= Your goal =
Return each line of the listing exactly, though without its images.

= Exercise data =
◇ ◇ ◇ ◇ ◇ ◇ ◇
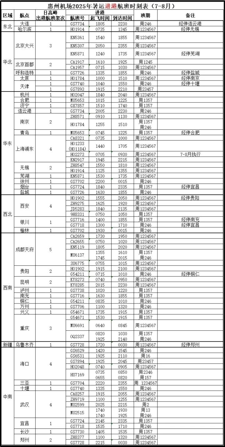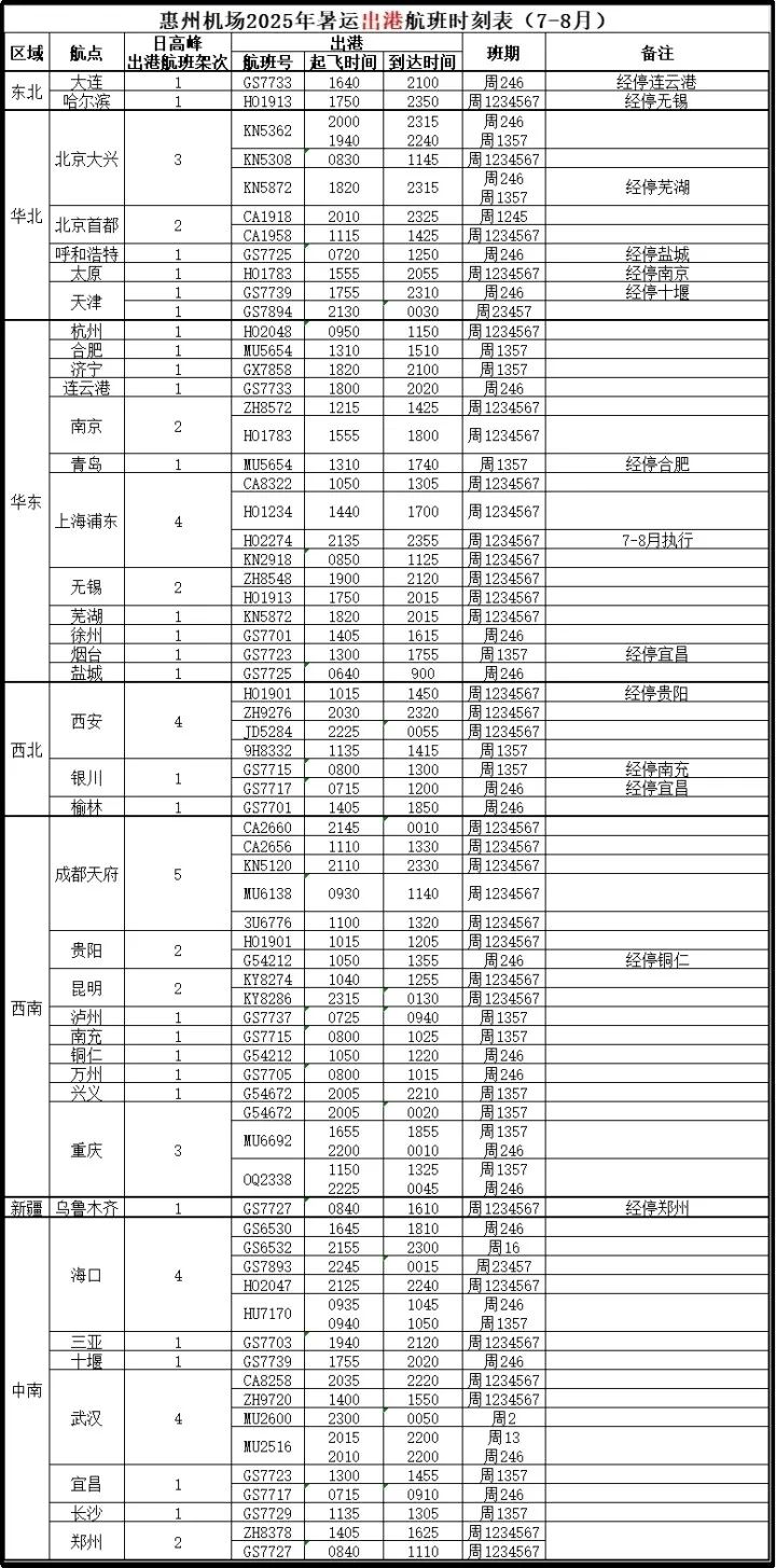 2025年暑運期間,惠州機場共有15家航司運營51條航線,通航38個城市,通航點除覆蓋北京、上海、成都、重慶、西安、烏魯木齊、呼和浩特、三亞等主要省會城市,還開通了如連云港、徐州、煙臺、鹽城、榆林、瀘州、萬州、十堰、銅仁等支線機場城市。
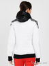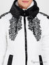 Практична куртка, верх которой выполнен из джордана классического белого цвета и черной вышивкой в верхней части изделия. Модель с застежкой на молнию снабжена удобным капюшоном и функциональными карманами. Отличный вариант на морозную погоду.
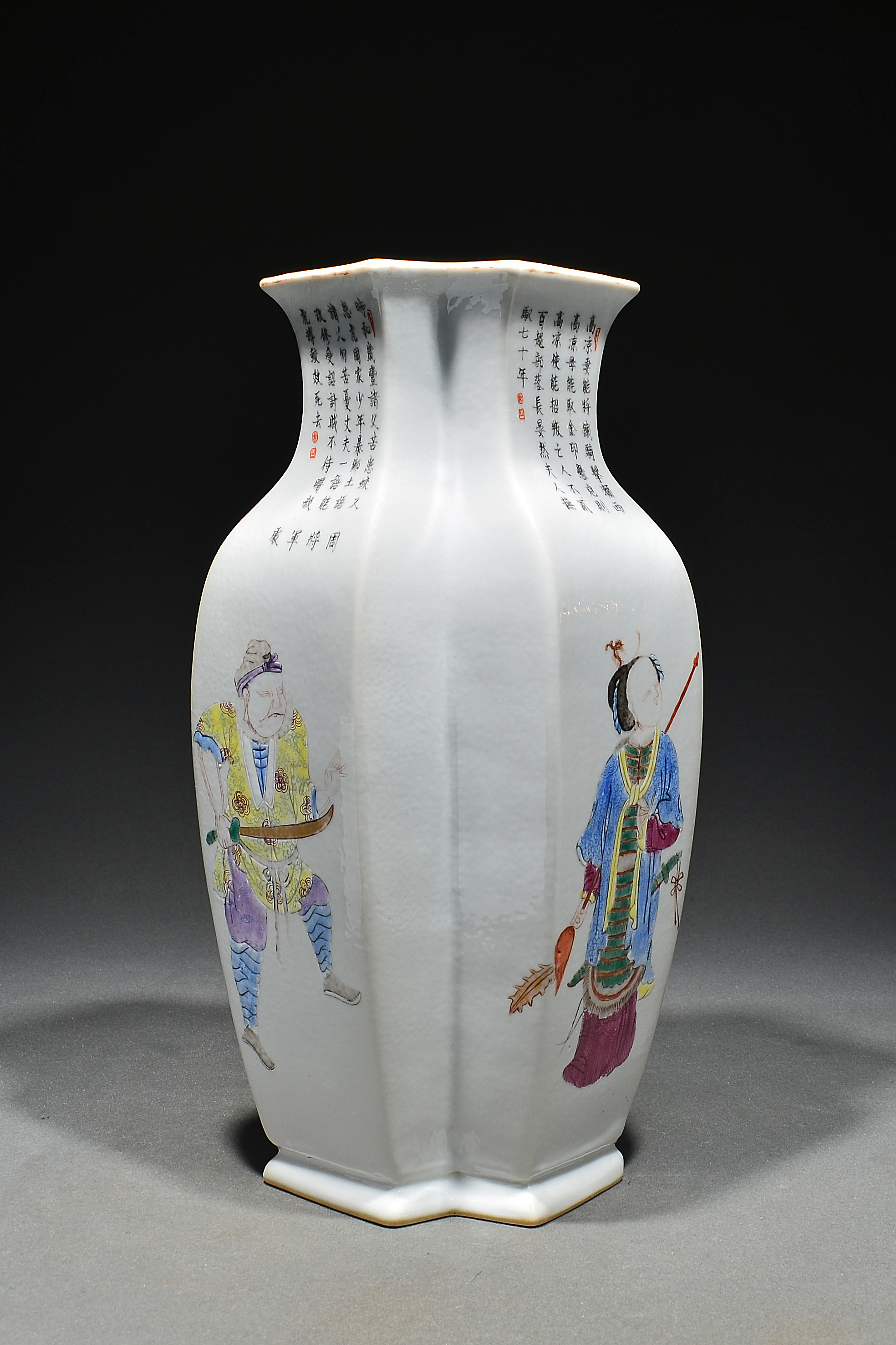 3223 粉彩无双谱人物双联瓶
◇ ◇ ◇ ◇ ◇ ◇ ◇
= Expected answer =
 2025年暑運期間,惠州機場共有15家航司運營51條航線,通航38個城市,通航點除覆蓋北京、上海、成都、重慶、西安、烏魯木齊、呼和浩特、三亞等主要省會城市,還開通了如連云港、徐州、煙臺、鹽城、榆林、瀘州、萬州、十堰、銅仁等支線機場城市。
 Практична куртка, верх которой выполнен из джордана классического белого цвета и черной вышивкой в верхней части изделия. Модель с застежкой на молнию снабжена удобным капюшоном и функциональными карманами. Отличный вариант на морозную погоду.
 3223 粉彩无双谱人物双联瓶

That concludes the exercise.